━━━ Exercise input

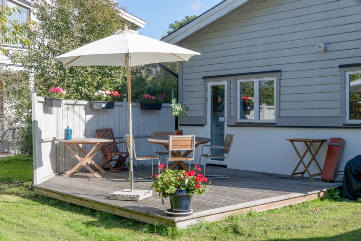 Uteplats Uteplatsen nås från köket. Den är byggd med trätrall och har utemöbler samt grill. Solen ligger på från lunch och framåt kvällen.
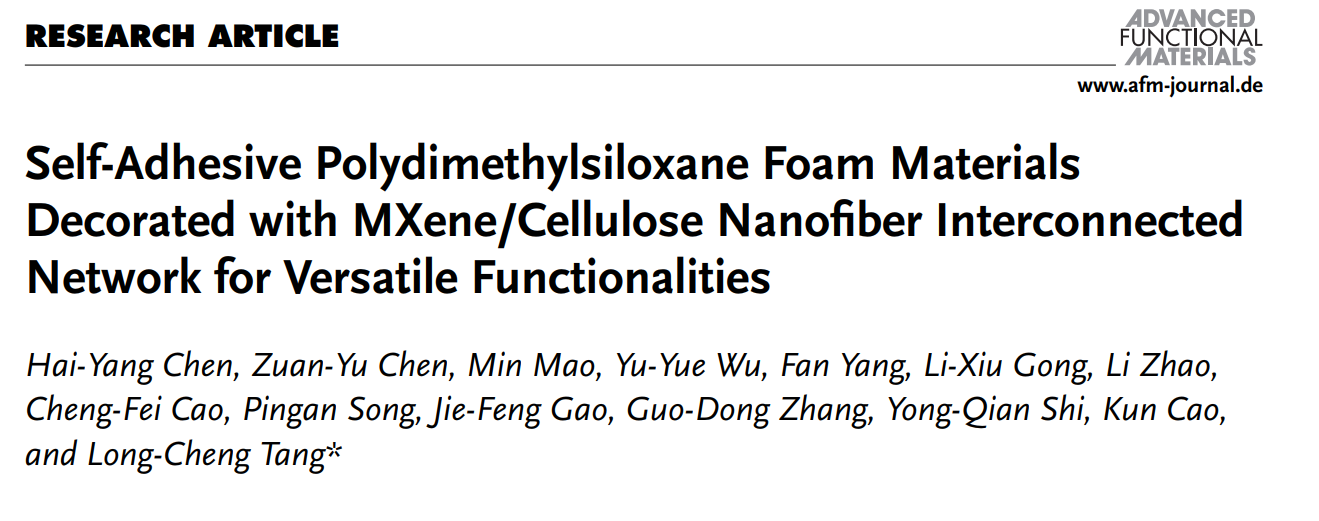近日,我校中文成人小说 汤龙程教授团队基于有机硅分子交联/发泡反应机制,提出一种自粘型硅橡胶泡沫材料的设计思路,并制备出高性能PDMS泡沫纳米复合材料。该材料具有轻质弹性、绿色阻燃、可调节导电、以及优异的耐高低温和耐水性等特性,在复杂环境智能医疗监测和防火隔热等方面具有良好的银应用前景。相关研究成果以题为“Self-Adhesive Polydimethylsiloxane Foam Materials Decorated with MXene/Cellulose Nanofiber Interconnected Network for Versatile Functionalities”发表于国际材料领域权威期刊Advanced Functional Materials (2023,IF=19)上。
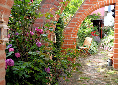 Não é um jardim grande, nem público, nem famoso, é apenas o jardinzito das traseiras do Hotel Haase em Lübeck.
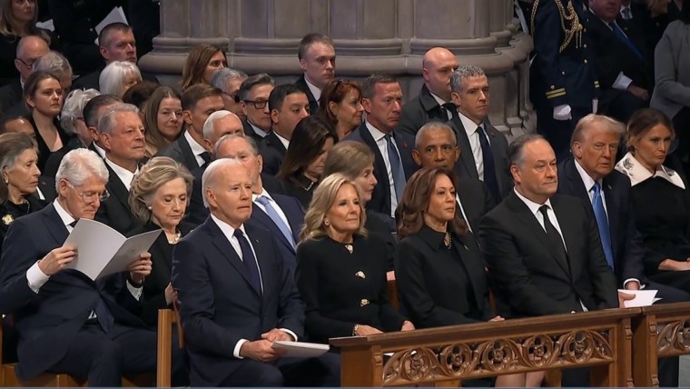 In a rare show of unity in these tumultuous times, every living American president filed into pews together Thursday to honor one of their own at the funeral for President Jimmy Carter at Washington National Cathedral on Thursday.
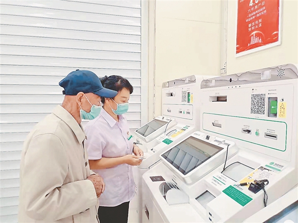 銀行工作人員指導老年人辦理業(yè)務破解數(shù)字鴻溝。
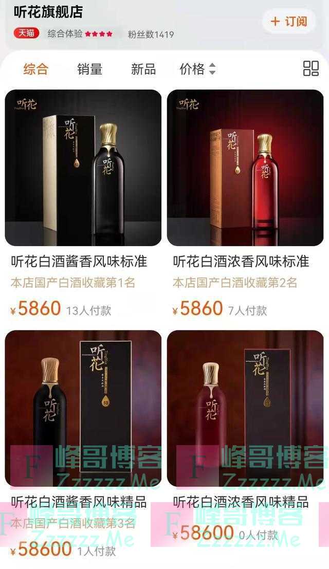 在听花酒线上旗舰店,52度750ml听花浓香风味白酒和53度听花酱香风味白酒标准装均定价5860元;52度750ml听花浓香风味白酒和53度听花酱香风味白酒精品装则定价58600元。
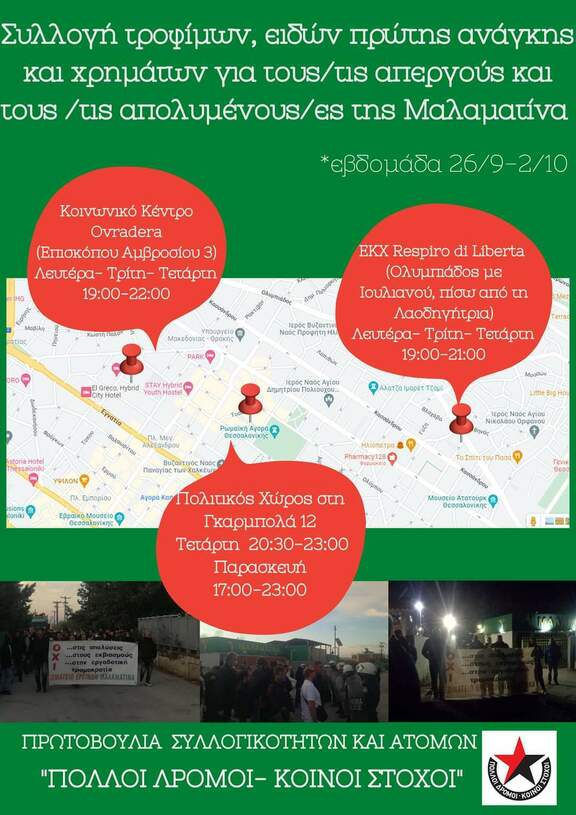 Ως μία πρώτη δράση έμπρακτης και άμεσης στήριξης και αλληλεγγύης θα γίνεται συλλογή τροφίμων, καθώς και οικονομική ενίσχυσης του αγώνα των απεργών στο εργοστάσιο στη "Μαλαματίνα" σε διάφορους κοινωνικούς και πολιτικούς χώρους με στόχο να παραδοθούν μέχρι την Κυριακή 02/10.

━━━━━━
━━━ Exercise input

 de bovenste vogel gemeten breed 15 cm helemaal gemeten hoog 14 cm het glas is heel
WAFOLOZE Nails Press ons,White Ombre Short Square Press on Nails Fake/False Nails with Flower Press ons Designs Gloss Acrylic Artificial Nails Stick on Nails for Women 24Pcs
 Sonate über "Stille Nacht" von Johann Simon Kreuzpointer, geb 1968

━━━━━━

Work order: Copy only the lines above from the one containing "In a rare show" through the one containing "Ως μία πρώτη", both included. Leave out the pictures.

Output of the exercise:
 In a rare show of unity in these tumultuous times, every living American president filed into pews together Thursday to honor one of their own at the funeral for President Jimmy Carter at Washington National Cathedral on Thursday.
 銀行工作人員指導老年人辦理業(yè)務破解數(shù)字鴻溝。
 在听花酒线上旗舰店,52度750ml听花浓香风味白酒和53度听花酱香风味白酒标准装均定价5860元;52度750ml听花浓香风味白酒和53度听花酱香风味白酒精品装则定价58600元。
 Ως μία πρώτη δράση έμπρακτης και άμεσης στήριξης και αλληλεγγύης θα γίνεται συλλογή τροφίμων, καθώς και οικονομική ενίσχυσης του αγώνα των απεργών στο εργοστάσιο στη "Μαλαματίνα" σε διάφορους κοινωνικούς και πολιτικούς χώρους με στόχο να παραδοθούν μέχρι την Κυριακή 02/10.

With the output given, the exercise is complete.